------ Supplied data ------
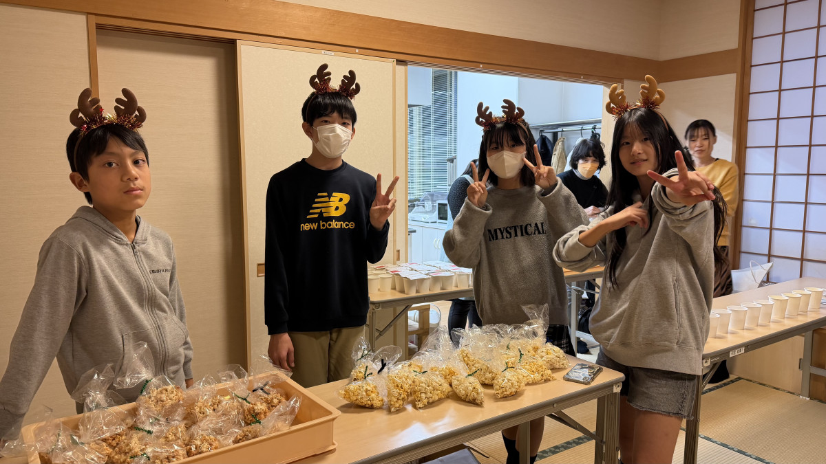休憩時間にホットチョコレートとポップコーンを振る舞う「子どもおとな会議」メンバー
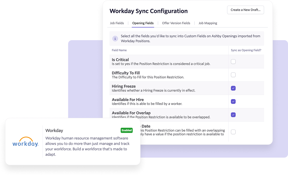 Automatically import all Workday® metadata, including custom and calculated fields, with zero maintenance. Configure what syncs and report on Workday® data directly in Ashby.
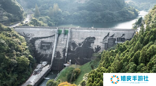 位于日本佐贺县的一座岩屋川内水库大坝日前成了县内新打卡热点,原来这里的大坝侧面惊现哥斯拉大壁画,如果离近了你才会发现是人工打造的结果。
------
### Problem requirements
Without changing a word, transcribe all of the data and omit its images.

### Response below
休憩時間にホットチョコレートとポップコーンを振る舞う「子どもおとな会議」メンバー
 Automatically import all Workday® metadata, including custom and calculated fields, with zero maintenance. Configure what syncs and report on Workday® data directly in Ashby.
 位于日本佐贺县的一座岩屋川内水库大坝日前成了县内新打卡热点,原来这里的大坝侧面惊现哥斯拉大壁画,如果离近了你才会发现是人工打造的结果。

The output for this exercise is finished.